Jo Jung Ki, Hong Sung Kyu, Byun Seok-Soo, Lee Sang Eun, Oh Jong Jin

机构信息

Seoul National University Bundang Hospital, Seongnam, Republic of Korea.

出版信息

World J Urol. 2015 Nov;33(11):1729-34. doi: 10.1007/s00345-015-1527-2. Epub 2015 Mar 26.

DOI:10.1007/s00345-015-1527-2
PMID:25809876
Abstract

PURPOSE

To clarify differences patients with pathological GS (pGS) 3 + 4 according to biopsy Gleason score (bGS) after radical prostatectomy (RP) among candidates for active surveillance.

METHODS

Between January 2006 and June 2014, 619 patients who met Royal Marsden criteria and had a pGS 3 + 4 after RP were identified.
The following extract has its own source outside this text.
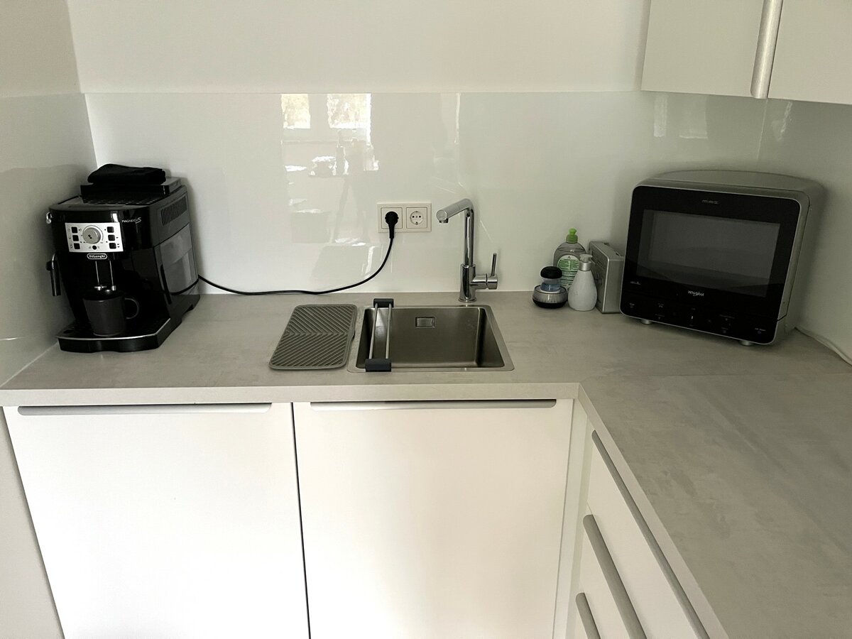 Sehr schöne kleine Küche. Deine Mikrowelle im Eck war lange mein Favorit, da sie hinten abgerundet ist und sich sehr gut in die Ecke schieben lässt. So bleibt vorne deutlich mehr Arbeitsfläche übrig. Wir haben uns am Ende für eine Einbaulösung im Hängeschrank entschieden, das war aber nur möglich, da wir beide sehr groß sind.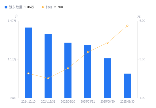 近一年(2024年9月30日至2025年9月30日),ST迪威迅A股股东户数从1.36万户,减低至1.06万户,降幅21.88%,区间股价上涨235.29%。

Patients were stratified into two groups according to bGS: Group A (n = 430) with bGS (3 + 3) and Group B (n = 189) with bGS 7 (3 + 4). Pathological outcomes were compared between the two groups, and the impact of bGS on adverse pathological outcomes was analyzed by logistic regression and biochemical recurrence (BCR)-free survival compared by log-rank test and the Cox proportional hazards model.

RESULTS

The patients in Group B had a higher rate of extracapsular extension (ECE), seminal vesicle invasion and positive surgical margins than those in Group A (p < 0.001, p = 0.005, p = 0.046, respectively). In univariate and multivariate, bGS was significantly associated with ECE [odds ratio (OR) 2.615, p < 0.001; OR 1.769, p < 0.001]. In Kaplan-Meier analysis, BCR-free survival rate was higher in Group A than in Group B (log rank, p = 0.037). In multivariable Cox regression, maximum percentage of core involvement were strongly associated with BCR [hazard ratio (HR) 1.773 (1.248-2.519), p = 0.001].

CONCLUSIONS

pGS 3 + 4 was associated with heterogeneous pathologic and biochemical outcomes according to bGS. Patients with pGS 3 + 4 upgraded from bGS 3 + 3 had more favorable pathological outcomes and biochemical survival outcomes than those with bGS 3 + 4.

摘要

目的

明确在积极监测候选人群中,根据根治性前列腺切除术后活检Gleason评分(bGS)划分的病理Gleason评分(pGS)为3 + 4的患者之间的差异。

方法

在2006年1月至2014年6月期间,共识别出619例符合皇家马斯登标准且根治性前列腺切除术后pGS为3 + 4的患者。根据bGS将患者分为两组:A组(n = 430),bGS为(3 + 3);B组(n = 189),bGS为7(3 + 4)。比较两组的病理结果,并通过逻辑回归分析bGS对不良病理结果的影响,采用对数秩检验和Cox比例风险模型比较无生化复发(BCR)生存率。

结果

B组患者的包膜外侵犯(ECE)、精囊侵犯和手术切缘阳性率均高于A组(分别为p < 0.001、p = 0.005、p = 0.046)。在单因素和多因素分析中,bGS与ECE显著相关[比值比(OR)2.615,p < 0.001;OR 1.769,p < 0.001]。在Kaplan-Meier分析中,A组的无BCR生存率高于B组(对数秩检验,p = 0.037)。在多变量Cox回归分析中,核心累及的最大百分比与BCR密切相关[风险比(HR)1.773(1.248 - 2.519),p = 0.001]。

结论

根据bGS,pGS 3 + 4与不同的病理和生化结果相关。从bGS 3 + 3升级为pGS 3 + 4的患者比bGS为3 + 4的患者具有更有利的病理结果和生化生存结果。